Adam undid the latches on his helmet in lieu of responding right away. His teeth were grit against it too. If he wasn’t being provoked then maybe he wouldn’t…

“Like you and Dick can talk,” Lynch countered. There was a sneer on his face, as usual. 

“It’s Gansey,” Gansey corrected. He kneaded his brow. Being chosen by the black lion meant he was the de facto leader, but leading meant squat if the lot of them couldn’t figure out what they hell they were doing. 

They were standing around the launch room, the entire lot of them, all five paladins for all five lions: Gansey in black, Blue in yellow, Adam in green, Ronan in red, and Noah in yellow. 

  “Ronan,” Gansey said, using his first name which was evidence of the friendship they held before they all have been chosen and launched into this intergalactic destiny none of them were prepared for. None of them had even graduated from the Galaxy Garrison yet. Hell, Lynch had been expelled. 

The rest of them called Lynch by his appropriately sharp and vicious last name.  

“If you could try to be more of a team player…” Gansey went on.

“This is bullshit,” Ronan said. “I'm out.” He dropped his helmet on the floor. Its echoing clatter reverberated in the sleek domed room. So did his footsteps. Stomp. Stomp. Stomp.If the doors weren't automatic sliders, opening and closing before and after them with perfect timing, he would’ve slammed them.

Gansey released a sigh. It too echoed in the room. Disappointment magnified.

“Alright, take five everyone,” he said. “Then we’ll reconvene for some team building exercises.”

“Take five what?” Noah said. The room was deathly quiet for a moment, then Noah erupted into laughter. “I know. I know it’s minutes!” 
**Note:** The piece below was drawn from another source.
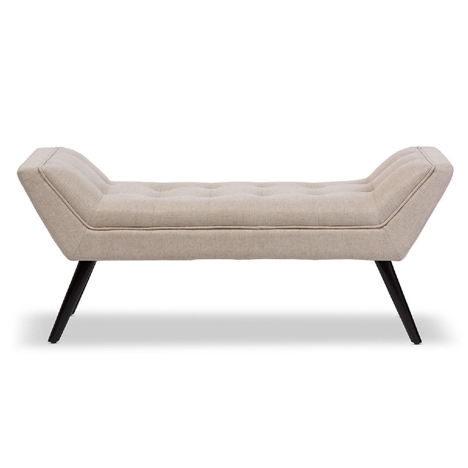 Baxton Studio Tamblin Mid-century Modern Retro Beige Linen Fabric Upholstered Grid-Tufting 50-Inch Bench Featuring mid-century design, the Tamblin Modern and Contemporary Ottoman Bench is inspired by the minimalist and modern concept. The cone-shaped tapered legs and the raised sides completely reveal an outstanding modern look that is extraordinary. A soft, tufted seat provides added style and comfort. The Tamblin, great for your bedroom as a bed end bench and entryway bench, brings alive your modern living room and bedroom decor instantly. Made in China, the Tamblin requires assembly.

Adam rolled his neck on his shoulders. He always felt tense after flying. Not just the lion but back at the Garrison too. The problem was he never felt truly comfortable behind the controls. He did okay. More than okay as being in the top percentiles of his class showed, but it took so much practice. It never came natural to him. But studying at the Garrison was a way to move up in the world, in the galaxy. In the universe it turned out. 

He could use his five minutes to relieve some tension. He was sure it would actually be more than five minutes given the mystery of when Lynch would be lured back for another round of forming Voltron practice. His footsteps skirted Lynch's abandoned helmet on the way out. To the gym he went. 

 Too bad Lynch was already there -- going at it with a punching bad -- when Adam arrived. That was Lynch. Always there, always one step ahead, always frustrating. This gym had a wide arrange of technically advanced equipment for exercise and target practice, including holograms and loaded training sequences that could fabricate obstacle courses on a whim, and yet Lynch went with the thing he could punch. How annoyingly him.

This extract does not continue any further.